Türkiye’de tarım ve hayvancılık ilerici planlar ve modern tarım politikaları oluşturulmadığı için rekolteler düşmüş, tarım toprakları yavaş yavaş çorak topraklar haline gelmiştir. Bunun sonucunda ise ülkemiz dışarıya el açar olmuş ve hep övündüğümüz tarım ülkesi olma özelliğimiz artık tarih olmuştur.

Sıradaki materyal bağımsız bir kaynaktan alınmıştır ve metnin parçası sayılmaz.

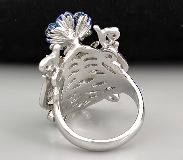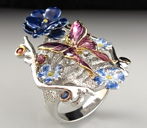 Кольцо из стерлингового родированного серебра 925 пробы с сапфирами, турмалинами и покрытием эмалью. Выборочное золочение. Вес — 14,1 гр. Размер площадки — 35×24 мм.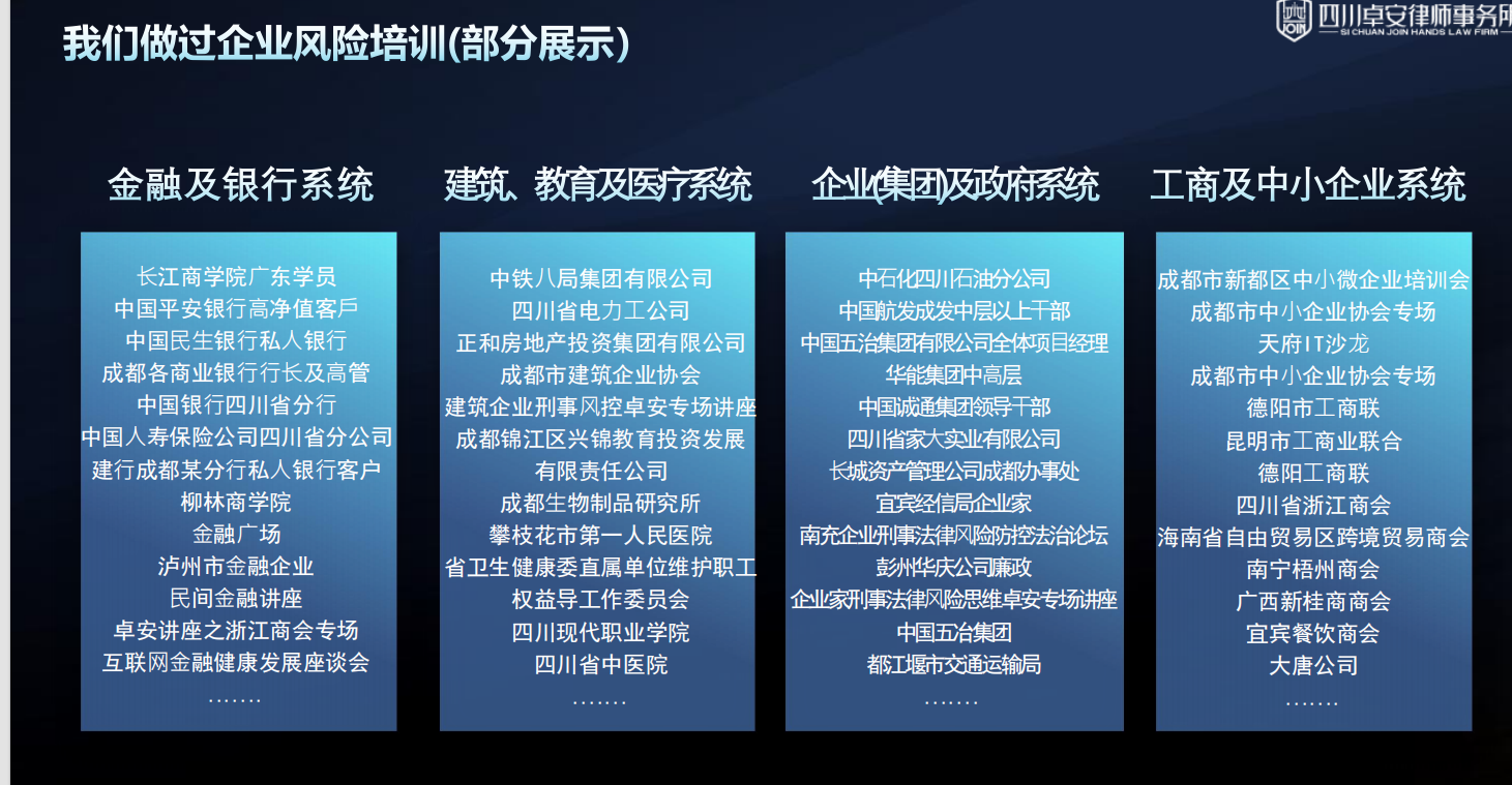 1. 金融及银行系统:为中国平安银行高净值客户、中国民生银行私人银行、中国银行四川省分行、中国人寿保险公司四川省分公司等机构开展专项培训,聚焦金融领域商业贿赂、涉税风险、资金合规等核心问题;
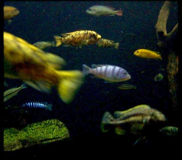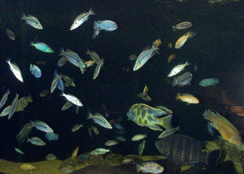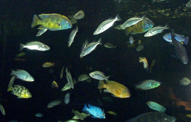 | Most of the fish you will see in the Aquarium are teleosts, including several species of cichlids. The Lake Malawi cichlids are a particularly interesting group, both because of their bright beautiful colors and because of their variety. The cichlids pictured here are members of a group of fish that live and breed in rock piles -- Mbuna. African cichlids have astonishing diversification -- genetic evidence suggests that over 500 species of cichlids in Lake Malawi have emerged in the last 2 million years. This rapid evolutionary change has been attributed both to the isolating effect of living in rockpiles and to changes associated with mating selection. |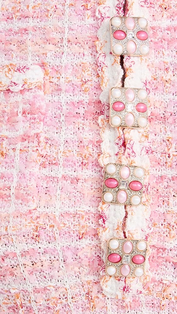 - Sequin threading throughout, Removable shoulder pads, Beaded button embellishments, Hook-and-eye clasps at neckline

Verimliliğin artırılması için tarımda yeniden yapılanma amacıyla toprak ve tohum araştırmalarının mutlaka yapılması, teknolojik gelişmeler ve dünya tarımından yaşanan yeniliklerin takip edilmesi, bu konularda uygun planlama stratejileri geliştirilmesi gerekmektedir. Toprak analizi yapılmadan hangi toprağa hangi ürünün ekileceği bilinemez. Doğru toprağa doğru tohum ekimi ancak toprağın verimlilik analizi ile gerçekleşir.
Tarımda yanan kan kaybını önleyebilmemiz için karar verici konumunda olan politikacılarımızın, toprağın değerini bilen, tarımı önemseyen, ekonomik ve tarımsal kayba neden olacak davranış ve kararlardan kaçınan, tarım alanlarını politik çıkar sağlama düşüncesi ve rant hesaplarıyla talan ettirmeyen, amacı dışında kullandırmayan, mevcut yasaları uygulayan kişilerden seçilmeleri gerekmektedir.
Yapılan projeler uygulanamadığı için, son dönemde “revize edilen projeler” söylemleri sık sık duyulur oldu. Doğrudan gelir desteği ve telafi edici ödeme tarzı revize edilen projelerle tekrar gündeme geldi.
Bir konu üzerinde sorunlar belirtilirken, çözüm önerileri de beraberinde sunulmalıdır. Aksi takdirde sorunlar çözümsüzleşerek, sorun olarak kalmaya devam eder. 57. Hükümet ise alternatif ürün projesi ile tütün yerine başka ürün ekimini önermekte ancak ürün isimlerini netleştirememektedir.
Tarım sektöründeki ikinci büyük tartışma ise “çiftçiye giden paralar” konusunudur. Çiftçi kayıt sistemi ciddi bir şekilde yapılmazsa şehirde oturup arazisini kullanıma verenler ya da tarım arazileri olmadığı halde elindekileri yanlış beyan edenlere ödeme yapılırsa, paralar çiftçiye değil şehirliye gider. Daha öncesinde yaşananların tekrarlanmaması ve devletin parasının boşa gitmemesi için 81 il ve 800 ilçede arazi ölçümleri yapılarak çiftçi kayıt sistemine gidilmeli, araziler fişlenmelidir. Eğer ciddi bir şekilde organize edilmez ve kayıt altına alınmazsa doğrudan gelir dengesi ve telafi edici ödemeler doğru adreslere gitmez.
Ülkemizin sağlıklı geleceğini düşünerek tarımsal üretimdeki verimi artırmalıyız. Çünkü bu artış gelecek nesiller için yaşam güvencesi olacaktır.